If you haven't seen Infinity War, you may want to skip this entry. I have no idea what I'm going to say, but suspect a spoiler might leap up and grab you when we least expect it.

Mostly, the movie has me thinking about goodbyes, and how we aren't always given the space or time to properly process them. This movie ends with a cliffhanger, if you want to call it that. I would call it a pause, because we know there will be more Avengers films. We know certain characters will be returning.

We can also guess about two or three who may not.

But the end of the movie puts a lot of things on hold, leaves a lot of storylines without resolution. I'm okay with that, because it made things feel more real. For all the aliens and super powers, for all the portals and witty quips, the end of the movie feels real, because there's no time to breathe or to understand what we just saw.

It doesn't make sense. Death is like that.

It isn't fair. Death is like that.

It makes you want to scream. Death is like that.

Two stories hit me hardest here -- oh hey, here come the spoilers, I can feel it.

First, Gamora. If I have to see or read about another man who said "I love you," and then killed the woman he just said that to, I'm probably going to hurl the world into the sun, It's too real. And here I was just advocating that the end of the movie was real so I was okay with that.

But watching another woman get fridged so a dude can complete his Utterly Nonsense Plan?

Were we supposed to be shocked that Thanos actually did love her? Was Gamora's surprise intended to foster ours? It only made me angry, watching him cry over her, over knowing that he was about to kill her to make the universe a "better place." Fuck that.

Second, Peter Parker. The movie opens with Tony having dreamed that he and Pepper were pregnant; the movie opens with Tony feeling it's time to be a dad. The movie ends with Peter turning to ash in Tony's arms, after Tony has, perhaps unintentionally, spent the movie being a dad to him.

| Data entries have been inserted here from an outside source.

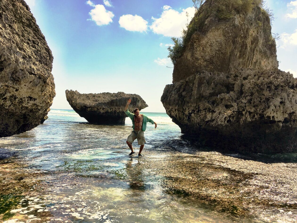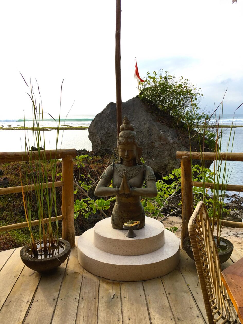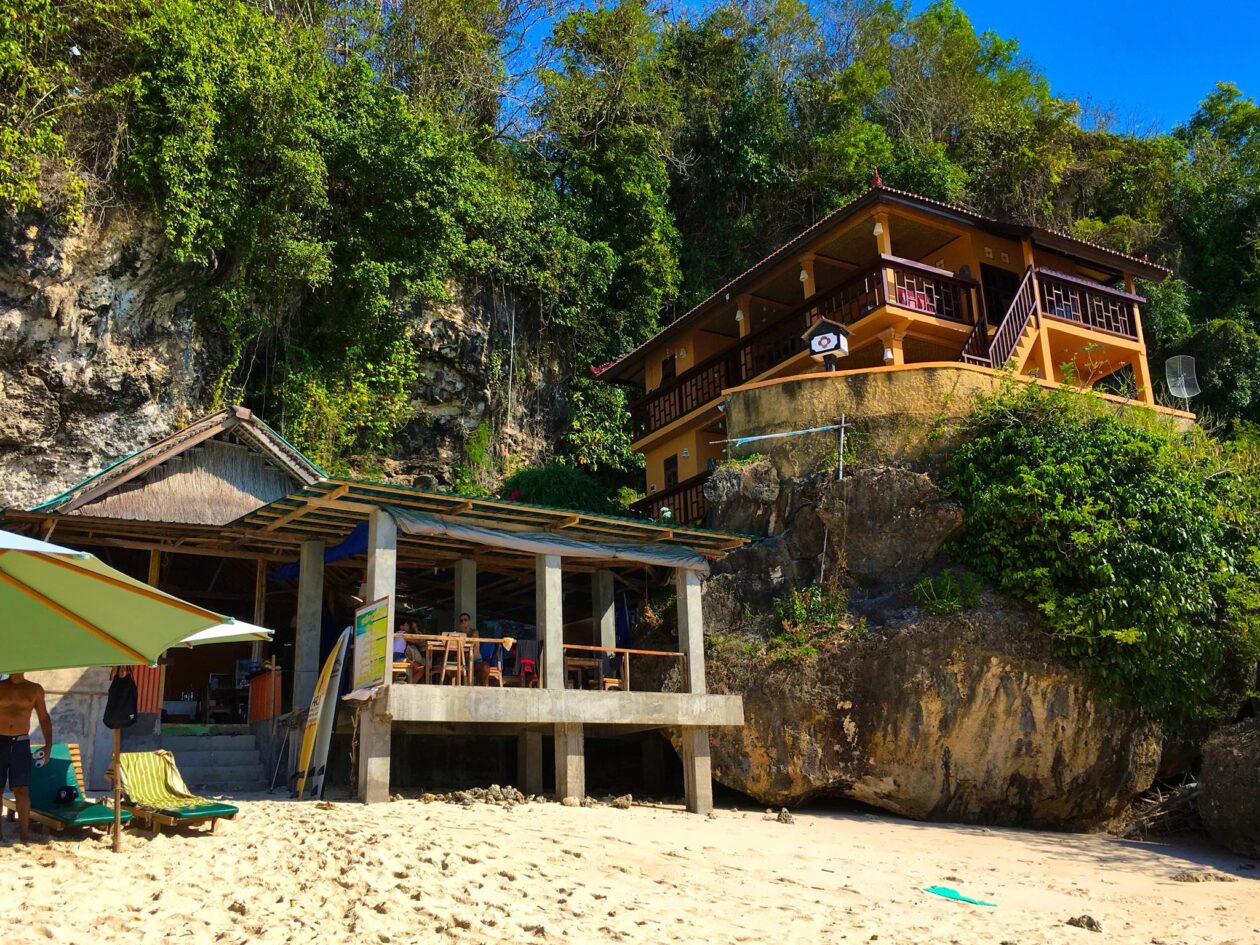 Wow! Wat een toffe plek. Dreamsea Bali Surfhotel & Restaurant zit als een zwaluwnestje tegen de rotsen van Padang Padang Beach aangeplakt. Bij eb slenter je er zigzaggend tussen de rotsen zo naartoe. Je kunt ook via de hoofdweg, maar dat is minder mooi.
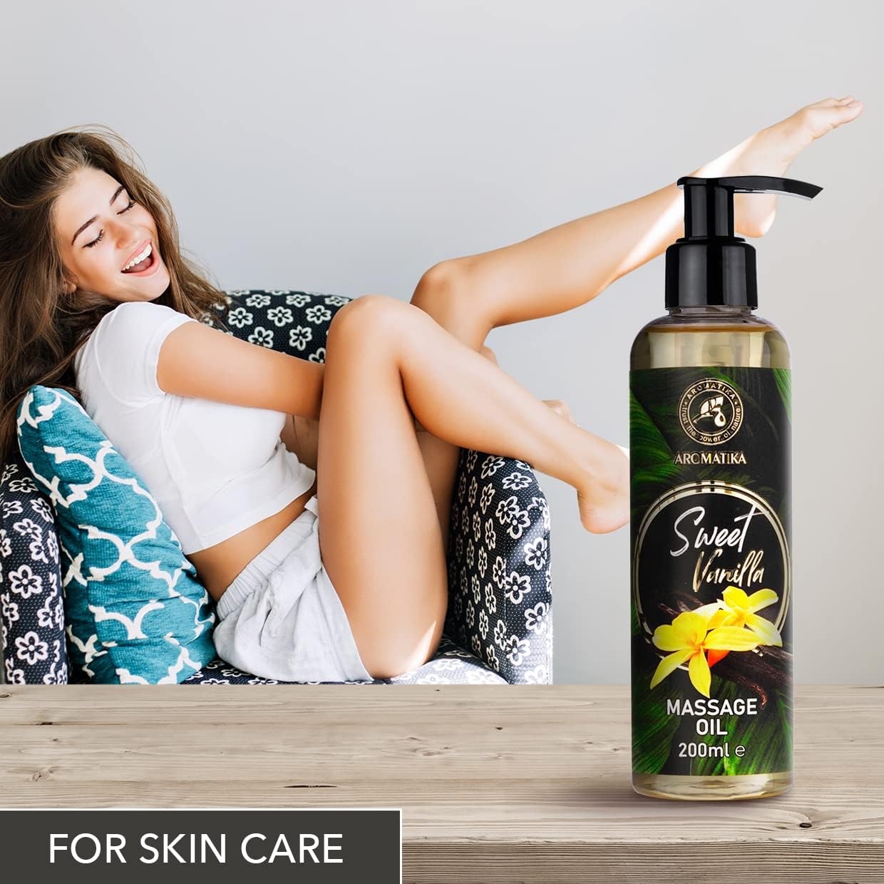 Massageolie vanille, 200 ml, lichaamsolie met amandelolie, druivenpitolie, perzikpitolie, jojoba-olie, massageolie voor alle huidtypes, ontspanningsolie, lichaamsverzorgingsolie, liefdesolie voor partnermassage
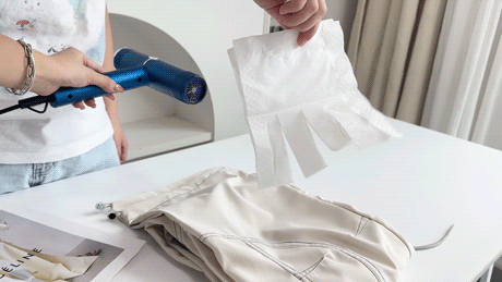 可以看到,风扇开启后雪地裤后面的纸条纹丝不动,御寒防风力Max,完全扛得住秋天的嗖嗖冷风!
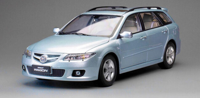 Sun Star has announced the 1:18 diecast and opening Mazda 6 Wagon. Not sure what percentage of collectors would gravitate to a “family hauler”, but if interested, Sun Star will include three exterior options. These are Glazier White, Sonic Blue Metallic and Glacier Silver Metallic. Delivery is noted for June 2026.
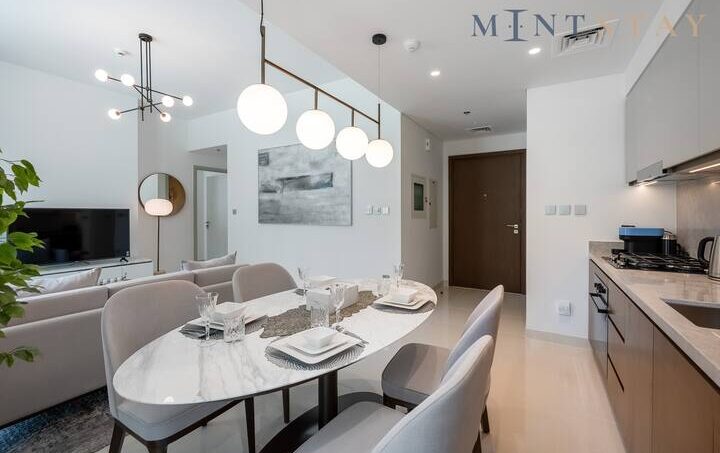 Unwind in this chic retreat that offers modern comfort just steps away from the sandy shores of Emaar Beachfront. Enjoy the refreshing sea breeze and catch fleeting glimpses of the shimmering ocean in this meticulously designed space with high-end furniture. Elevate your experience with exclusive amenities such as the breathtaking infinity pool, adding an extra touch of indulgence to your experience.

I can't even with that. Even though we know Peter's coming back (hi, movie contracts). But. BUT. Even as I can't, I CAN, because apparently I contain multitudes. If time is reset, and they remember this timeline, how does that change who they are going forward? If the reset button erases memories, that will mean this film was a waste.

Goodbyes aren't always graceful. Those on screen, in a book, or in real life. I've had people vanish without warning. They may as well have turned to ash in my hands. Some of those people never came back. A few of them did and I'm never ever letting them go again.

No matter all the magic and wonder and portals and pryotechnics, goodbyes are sloppy and imperfect, and so is Infinity War. So though it makes me angry, I think I understand it.

2 thoughts on “Not Always Graceful

  1. great thoughts. I'm still recovering from the emotional ass-kicking last night.

  2. Cassie says:

    The things that got me: the relief on Wanda's face when she realizes she doesn't have to live with what's happened. And Bucky, walking back to his best friend and finally just getting to talk.